Huntington Beach Told to Replant Marshland

Share
Times Staff Writer

The U.S. Environmental Protection Agency has determined that the City of Huntington Beach violated federal law in December when it bulldozed three acres of valuable freshwater marshlands that provided a rare nesting habitat for songbirds.

To compensate for the damage, an agency official said, the EPA is ordering the city to replant a thicket of cattails, willows, mulefat and other wild grasses that was destroyed by a controversial mosquito-abatement project at Huntington Beach Central Park last December.

“We felt there had been a violation of the Clean Water Act,” which requires a permit before a waterway is dredged or filled, EPA enforcement coordinator Robert Leidy said.

Advertisement

Leidy said that the city erred when it failed to seek a federal permit and that it should have conducted its marsh clearance project with more restraint.

“We concur that they have to control mosquitoes,” Leidy said, “but we would like to see them do it in a way that doesn’t mean they have to bulldoze all the riparian habitat. They have to do it in a way to minimize the impact to wildlife.”

Videotape of Operation

Leidy said he and other EPA officials reached their conclusion after visiting the site at Talbert Lake inside the park last week, speaking to city officials and viewing a videotape the city had made of the bulldozing operation.

City officials have promised to cooperate in restoring the marsh, Leidy said.

That was news to City Atty. Gail Hutton.

Hutton said she had not been notified of the EPA’s findings and could not say whether the city will contest them. But she cautioned: “I’m not sure that, because the EPA says we’ve committed a crime, we have to jump through 50 hoops that second.”

Last month, city Parks Director Daryl Smith defended his $12,000 cleanup as necessary to eradicate rats and thousands of mosquitoes that were breeding in ponds and thick, wet grasses in the park. Smith also said the bulldozing was performed at the request of county Vector Control officials.

But Smith further argued that the federal government had no jurisdiction over management of a city park.

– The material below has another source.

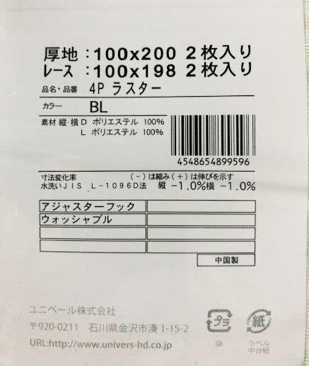 送料無料(北海道、沖縄は1500円別途ご負担)100×200cm ドレープカーテン2枚+レースカーテン2枚 4枚セット ラスターブルー100200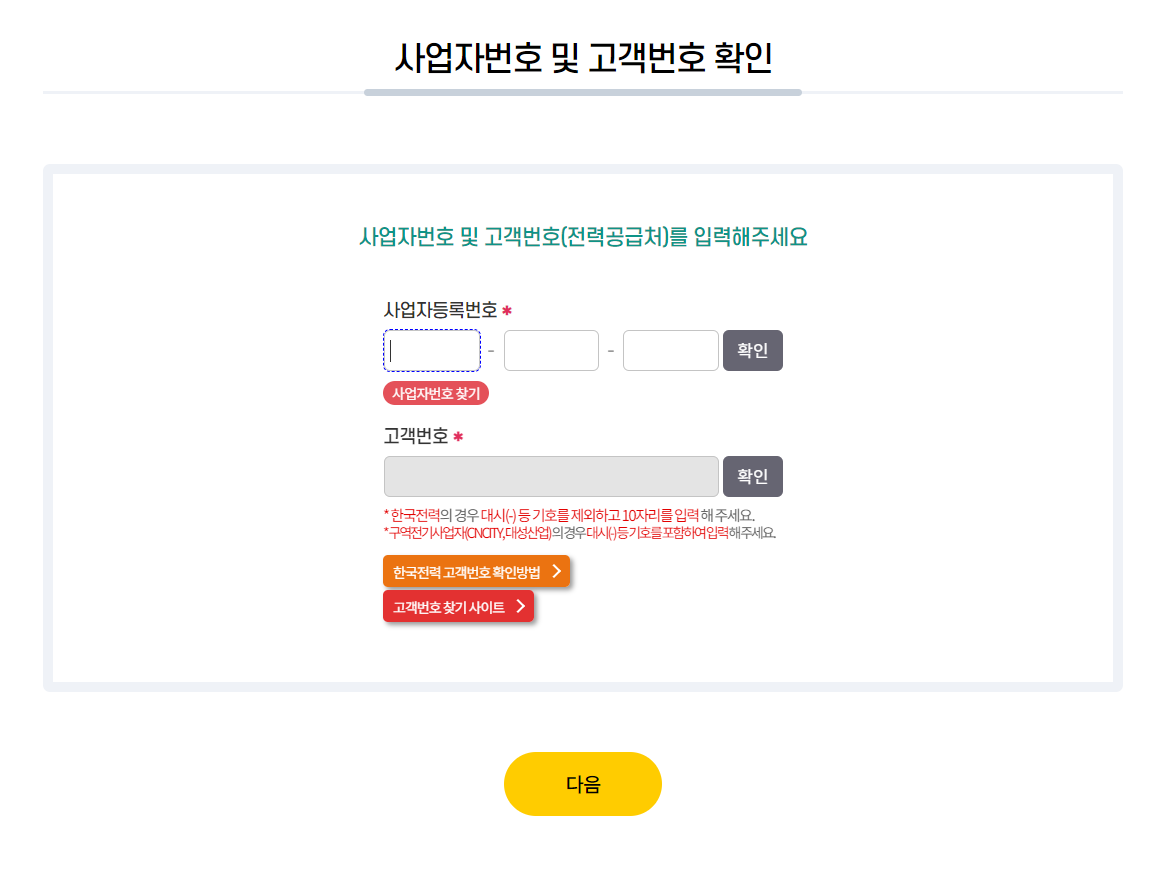 사업자등록번호와 고객번호를 입력합니다.

Hutton said that a staff attorney has been researching that issue.

Advertisement

Bird-Watching Area

Local bird watchers and wildlife biologists were outraged by the bulldozing, arguing that the city had destroyed an oasis known as one of the best bird-watching spots in Southern California and one of Southern California’s last freshwater marshes.

Some suggested that the city could have used less extreme measures to control the mosquito and rat problems, such as using chemicals or traps.

Their complaints led regional officials for the U.S. Fish and Wildlife Service and the state Department of Fish and Game to investigate.

In early January, the U.S. Fish and Wildlife Service wrote a letter to the EPA complaining that the city had destroyed part of “a riparian habitat within the park that supports one of the largest and densest concentrations of passerine migrants (migrant songbirds) anywhere in Orange County or, for that matter, the western United States.”

Fish and Wildlife Service officials said that about 40 species of birds regularly breed in the marsh and that about 200 species--including American lesser goldfinches, bushtits, northern orioles, warbling vireos and ruddy ducks--had been sighted there in the last four years.

Meanwhile, a state Department of Fish and Game official said that the agency was still investigating whether state law was violated by the bulldozing but that misdemeanor charges will probably be sought against Huntington Beach.

Advertisement

Under state law, public or private property owners must get a permit for work in a riparian habitat (habitat around streams, lakes or ponds), Fish and Game Department Patrol Lt. Mona Cole said.

In 1985, a state Fish and Game officer had warned the city against undertaking a similar clearance project without a permit, Cole said, but this time “it seems like they just proceeded.”

Cole dismissed the argument of Huntington Beach officials, who have defended the bulldozing in mid-December as routine maintenance of their property. “That will have no bearing,” she said. “The Irvine Co. goes through (environmental) mitigation with us. It’s not fair to do one and not the other.”

EPA enforcement coordinator Leidy said he will contact city officials next week to let them know whether he will issue an order to restore the area or whether the city should seek an after-the-fact permit for dredging the lake. The permit would be issued by the Army Corps of Engineers.

“Either way, there’s going to be restoration,” Leidy said. The city would then have 30 days to review the restoration plan, he said.

If the city must replant cattails, willows and a marsh grass called mulefat, the work will not come cheap.

Advertisement

Mike Evans, owner of Tree of Life, a native plants nursery in San Juan Capistrano, estimated that seeding and restoration could cost $6,000 an acre, possibly less. Last month, a federal wildlife service biologist estimated that the costs could range as high as $25,000 an acre.

For all the expense, an Orange County Audubon Society leader said, it would take about five years of replanting to restore the area to a wildlife habitat.

“They skinned the earth down to the mud,” said Dick Kust, president of the Audubon Society’s Sea and Sage Chapter. “But obviously replanting something so it starts growing back is better than nothing. And nothing is what we’ve got at the moment.

“I just hope that not only the City of Huntington Beach but other people who have control over wetlands as well will learn some respect, at least, for the law.”